C’è un luogo magico dove l’uomo all’inizio dei tempi lasciò i segni della sua arte primordiale. È in Lombardia. Spostate indietro le lancette del tempo e partite.

Capo di Ponte

Capo di Ponte

Non tutti sanno che la Valcamonica lungo il corso dell’Oglio, prima che questo si immetta nel Lago di Iseo, custodisce uno dei più affascinanti segreti della storia del mondo. Un sito archeologico dell’uomo preistorico quasi unico al mondo, tanto che questa zona è stata la prima in Italia ad essere tutelata dall’Unesco. Fare questo viaggio a ritroso nel tempo è facile, in special modo per i camperisti che vivono nel nord Italia. Un’ora da Milano e siamo arrivati a Capo di Ponte. I camperisti sono i benvenuti, l’area attrezzata Concarena (Località Prada – Tel. 036442104 – 3346575628) sarà un’ottimo campo base. Se amate pedalare, un sistema di piste ciclabili vi permetterà di attraversare il territorio in silenzio, così come faceva l’uomo di un tempo quando si spostava a caccia di animali estinti da secoli, ma che vivono ancora incisi sulle rocce che gli “uomini magici” utilizzavano per chissà quali riti propiziatori.

La caccia e il ferro

Scena del fabbro Parco di Naquan

Scena del fabbro Parco di Naquan

Tutto iniziò 6.000 anni fa, quando un popolo di cacciatori scelse quest’area ricca di selvaggina per il proprio insediamento.
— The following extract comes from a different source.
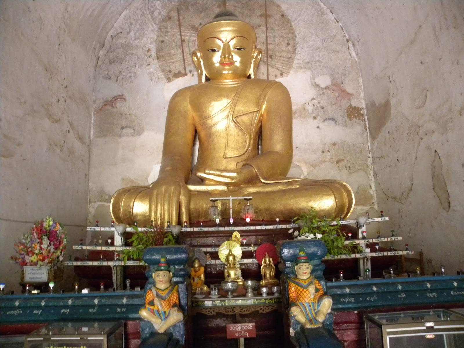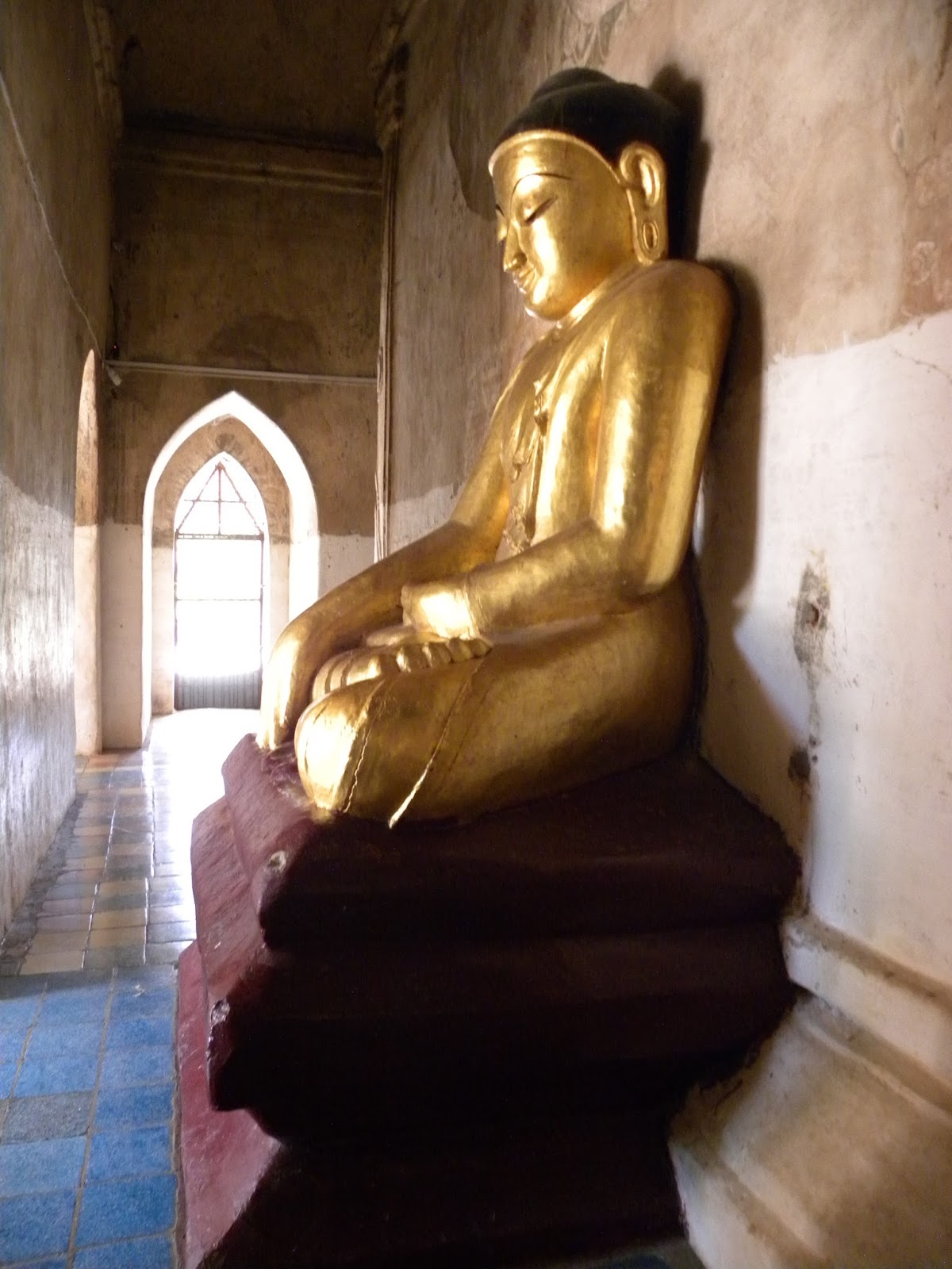 Após o merecido repouso, segui para o templo Gawdawpalin, que tem dois andares, típico do estilo tardio, foi construído no século 11. O plano é quadrado com pórticos nos quatro cantos, no primeiro andar encontramos 4 imagens de Buda.

Una vera e propria Eldorado di quando la storia immutata e immutabile, scandiva tempi e riti sempre uguali, nemmeno lontanamente paragonabili ai mutamenti continui dell’uomo di oggi. Ma qualcosa accadde. Tremila anni dopo l’uomo scoprì le virtù del ferro, una scoperta destinata a mutare per sempre le sue abitudini e ad amplificarne la sua sete di conquista. In quest’area furono scoperti alcuni giacimenti di metallo, che richiamarono altri popoli. La prima area a essere abitata fu quella di Cemmo, la cui collocazione geografica e morfologica doveva sembrare unica. Le rocce e le foreste di questa zona diventarono luoghi magici di rito collettivo, che allora si esprimeva anche attraverso l’attività di incisione. Migliaia di figure incise sulla roccia raccontano i miti di queste antiche popolazioni probabilmente affascinate dallo “Spirito del Monte”, un fenomeno che avviene due volte l’anno, all’inizio della primavera e all’inizio dell’autunno, quando il sole, complici i due monti che sovrastano il territorio Capontino, “Concarena” e “Pizzo Badile”, proietta al mattino (Pizzo Badile) e alla sera (Concarena) un’ombra nel cielo. Oggi i nostri occhi distratti non ci fanno nemmeno caso, ma allora doveva suggestionare non poco l’uomo che si poneva le domande senza riuscire a dare risposte razionali.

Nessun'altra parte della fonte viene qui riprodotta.